Liquid Exception: no implicit conversion of Symbol into Integer in /_layouts/post.html

This took me many hours to troubleshoot, but it turned out to be caused by Jekyll-assets. This module doesn’t like to play with the ES6 structured liquid tags provided by Chalk. On the brightside, it turns out that the 4.0 release of Sprockets has a module that automatically converts ES6 into ES5. Now that we know this, we can simply specify the version in the Gemfile like so.

gem "sprockets", "4.0.0.beta8"


This results in compression now working and minifying all the provided CSS and JS locally, thus resolving this bullet point.

Ensure text remains visible

Quite an easy fix, just set the following value for each font referenced in the font.scss file. In my case I opted for the ‘Auto’ value on the secondary fonts with the ‘fallback’ value for the primary font.

font-display: 'value'

Preconnect to required origins

In the case of this website, it merely needed a preload to the cloudflare domain. I had some problems with the recommended tag ‘preload’ and had to substitute it with ‘preconnect’ instead.

<link rel="preconnect" href="https://discovery.amp.cloudflare.com">

Background and Foreground colors

For some reason Google really didn’t like the colours of the article dates. A quick fix was making the colour a tad brigther in the CSS file, I simply shifted the palette around.

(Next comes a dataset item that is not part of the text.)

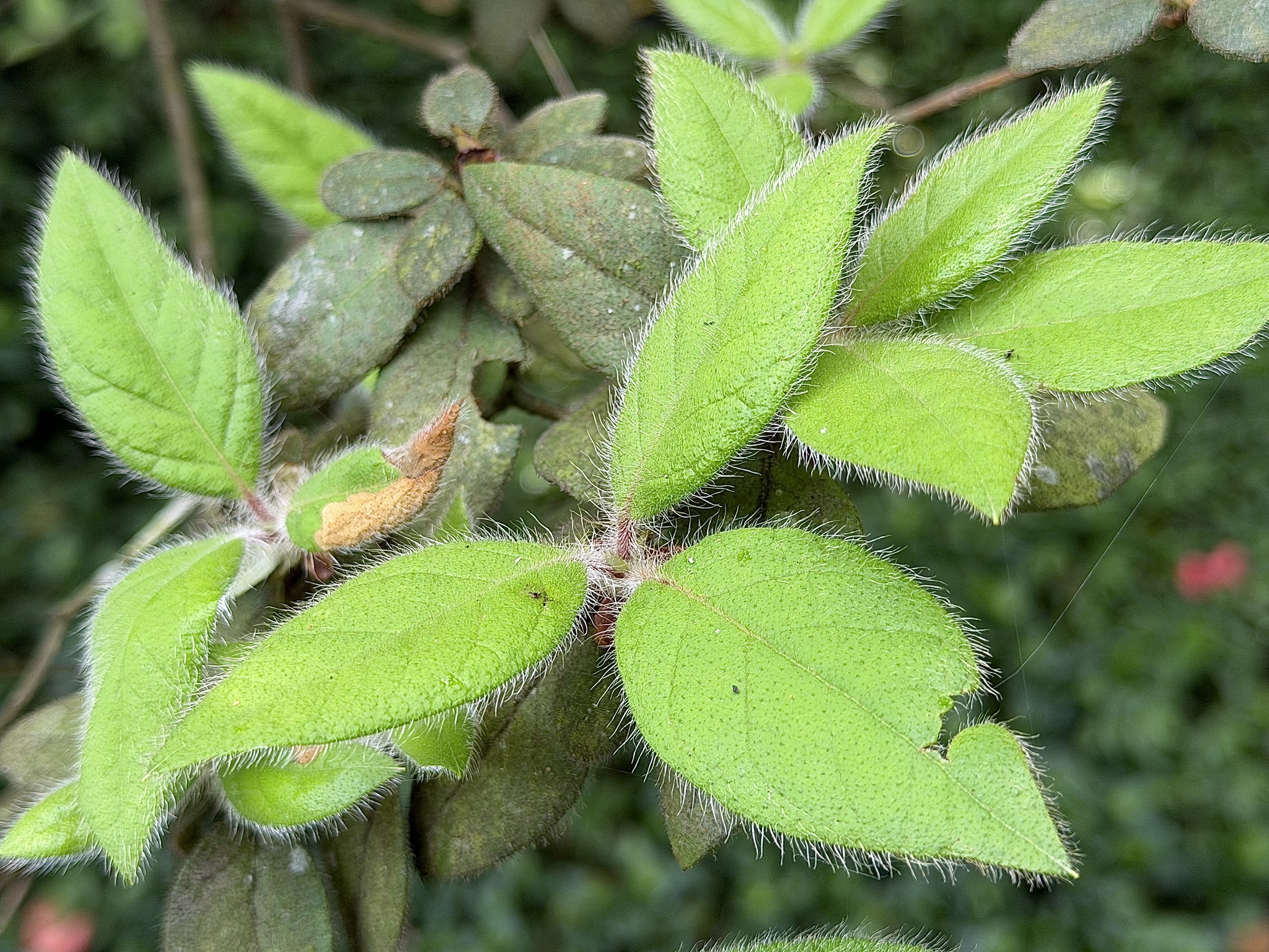 物種金毛杜鵑 Rhododendron oldhamii Maxim. (未鑑定)[原始紀錄物種] 金毛杜鵑 Rhododendron oldhamii Maxim.鑑定未鑑定敏感層級座標不開放日期2026-04-17地點記錄者Henry Chen 物候 新葉發育開展期, 枝葉成熟期, 開花期 族群數量 一些some 描述 授權照片授權: CC BY (Henry Chen)識別號8abee800-9bf3-4961-ae8b-e3bf89ad58b8 (OccurrenceUUID)2186550 (nid)

$gray-darker: lighten($gray-darkest, 15 -> 24 );
$gray-dark: lighten($gray-darkest, 30 -> 42 );  # This was the actual value that needed modification.
$gray: lighten($gray-darkest, 45 -> 52 );
$gray-light: lighten($gray-darkest, 60 -> 64);
$gray-lighter: lighten($gray-darkest, 75 -> 74);
$gray-lightest: lighten($gray-darkest, 85 -> 88);

SEO optimization

Now that we’ve covered Site performance, lets tell google how to find us. First to utilize the Jekyll-seo-tag module, we need to append a tag to the header file.

{% SEO %}

Perfect.
To request a new cache and tell google where the Sitemap is, I registered the domain with Google URL Inspector. This required me to provide proof of ownership, which was quickly provided by inserting a meta tag to the header file.

<meta name="google-site-verification" content="Unique Google ID here"/>


Now I could tell google where my site map is, which is provided by ‘Jekyll-sitemap’ and then automatically becomes available at ‘domain’/sitemap.xml. While I was there I also told google to scrape the domain for updated information.

Conclusion

Now what has all of this brought us? The new Pagespeed result is 97/100 for mobile, and 99/100 for desktop. Though it seems to want to average to 94/100 for mobile and 97/100 for desktop, probably due to CDN fluctuations. The Lighthouse results are as followed. Final Results


It appears that the only thing preventing ‘Best practices’ from reaching 100 is another Cloudflare module.
All in all, this was a good learning exercise and has been an entertaining method of avoiding AMP all together.
Hopefully this has given a little insight at how this website is optimized.